EDITORIAL - Purge the list

Perhaps thousands of people decided, all at the same time, to change residences, and considered it their civic duty to register as new voters in their new addresses. Video footage and photographs showed hordes of people crowding voter registration centers or waiting in line even in heavy rain the other day, the deadline for the new list-up for the barangay and youth council elections in October.

Some of the faces in the crowd looked sufficiently young to qualify as new voters for the Sangguniang Kabataan or SK elections. But most of the others looked way past their teens. Did so many fail to register as voters for the past decades? Are they all new in their neighborhoods and needed to register again?
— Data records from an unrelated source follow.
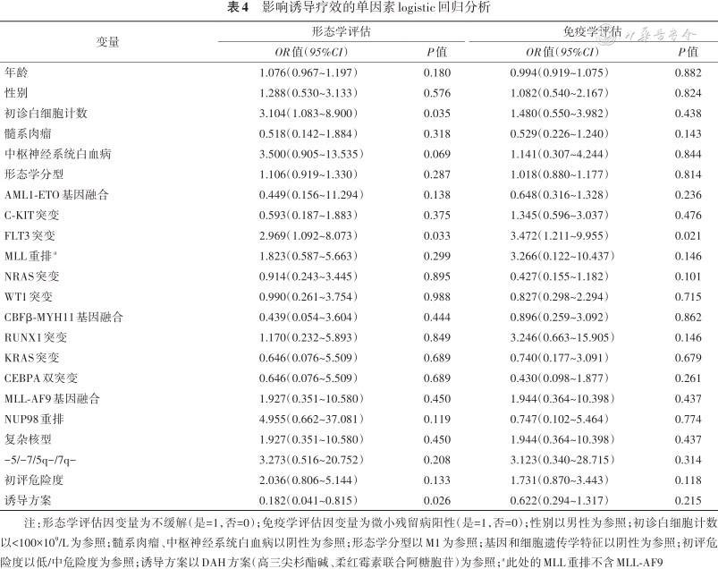 1.单因素分析:初诊白细胞计数、FLT3突变、诱导方案是形态学不缓解的影响因素(均P<0.05);FLT3突变是免疫残留不缓解的影响因素(P=0.021,表4)。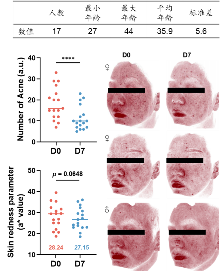 值得注意的是,17例受试者双盲对照显示,治疗7天后患者炎性丘疹和红斑指数显著下降。本研究通过简单的纳米设计,首次实现了“杀菌-微生态平衡-修复”三位一体的痤疮治疗策略,并突破性地解决了金属抗菌剂的选择性难题,为皮肤疾病精准治疗提供了新范式。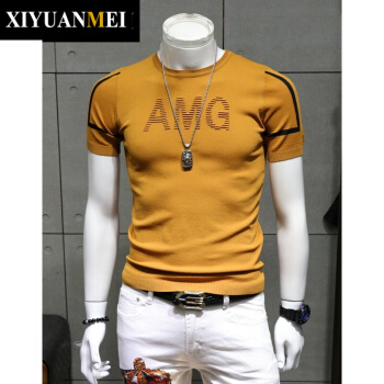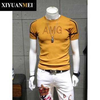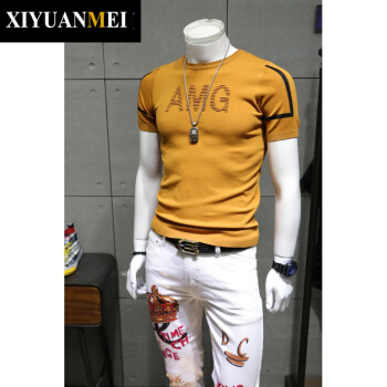 西原美潮牌 短袖毛衣男士 2020夏季韩版简约刺绣圆领修身打底针织衫男FD-FD-2250 黄色 180/92A |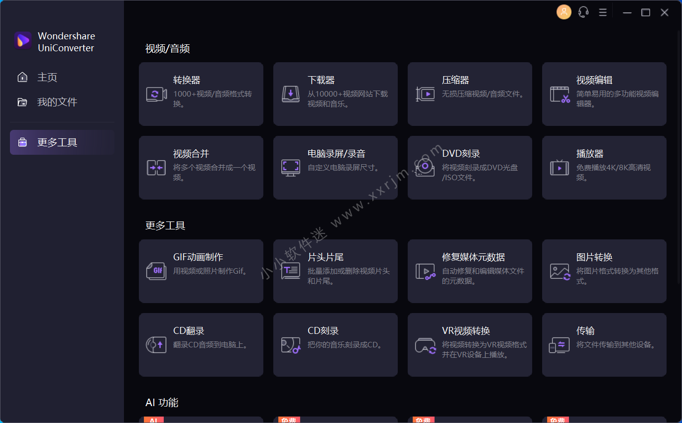 Wondershare UniConverter中文破解版(万兴优转)是一款国产全能视频格式转换软件.万兴格式转换器最新版具有音视频格式转换,合并视频,视频压缩,视频编辑,视频录制,视频下载,视频元数据修复,VR视频转换,字幕编辑器,GIF制作,DVD刻录等一站式视频工具箱功能.万兴转换器以超快的转换速度及强大的功能在国外名声大噪,其转换速度号称是市面同类产品的30倍,支持158种视频格式无损转换,批量转换高清视频不丢失关键帧.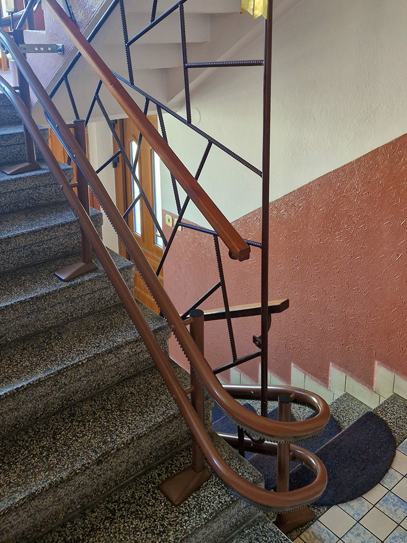 První schodišťové rameno bylo velmi úzké, proto bylo nutné provést úpravu zábradlí.
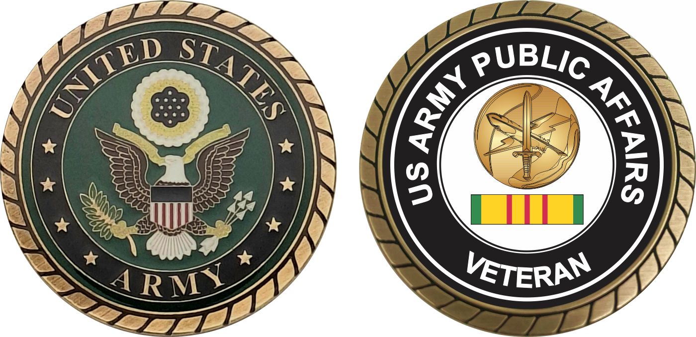 This 1 3/4” Army Public Affairs Vietnam Veteran Challenge Coin is proudly offered by MilitaryBest. This Officially Licensed Army coin has beautiful enamel finish on one side and an organized crisp clean Army Public Affairs Vietnam Veteran design on the opposite side.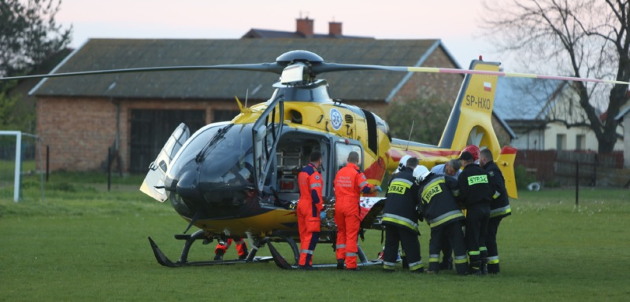 Śmigłowiec Lotniczego Pogotowia Ratunkowego zabrał poszkodowanego do szpitala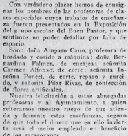 Desde aproximadamente 1925, de septiembre a junio y de cuatro a seis y media de la tarde funcionaba la Escuela Municipal de Aprendizaje (o de aprendizas) en la planta baja del edificio, que pretendía de dotar de herramientas y habilidades a mujeres (sobre todo jóvenes y viudas) en situación precaria para que pudieran ser independientes. La matrícula era gratuita.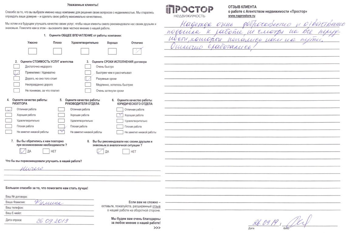 По рекомендации обратился в агентство недвижимости "Простор" с целью продажи квартиры в МО. Хочу поблагодарить сотрудников агентства Маркопольскую Евгению и Рыскину Надежду за отличную организацию процесса.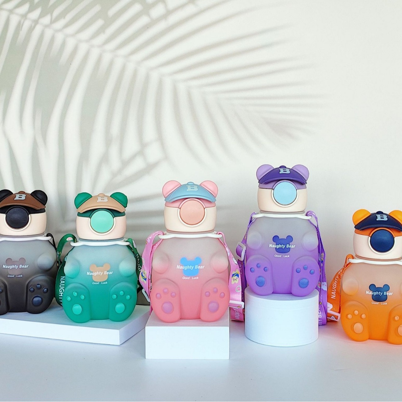 高颜値ネット赤帽熊学生かわいいアニメ児童水筒プラスチックストローカップ児童水筒夏2024

The Commission on Elections must find out. There are rumors of cash changing hands and promises of a moratorium on relocation for informal settlers who register as new voters. The Comelec must do its best to purge flying voters or double registrants from the list. The SK is controversial enough without the elections being compromised by illegal voters.

Comelec officials have warned that flying voters will be penalized. A major concern is whether the poll body has the capability to verify the qualifications of each new registrant. The best way to verify is to enlist the help of barangay officials. Obviously this is a problem if the barangay officials themselves were the ones who instigated the fraudulent registration.

Even with limited resources, however, the Comelec must move to purge the voter’s list quickly. If the Comelec fails to do so and the voter’s list has become heavily padded, the same corrupted list will be used in the general elections in 2016 where the stakes are bigger.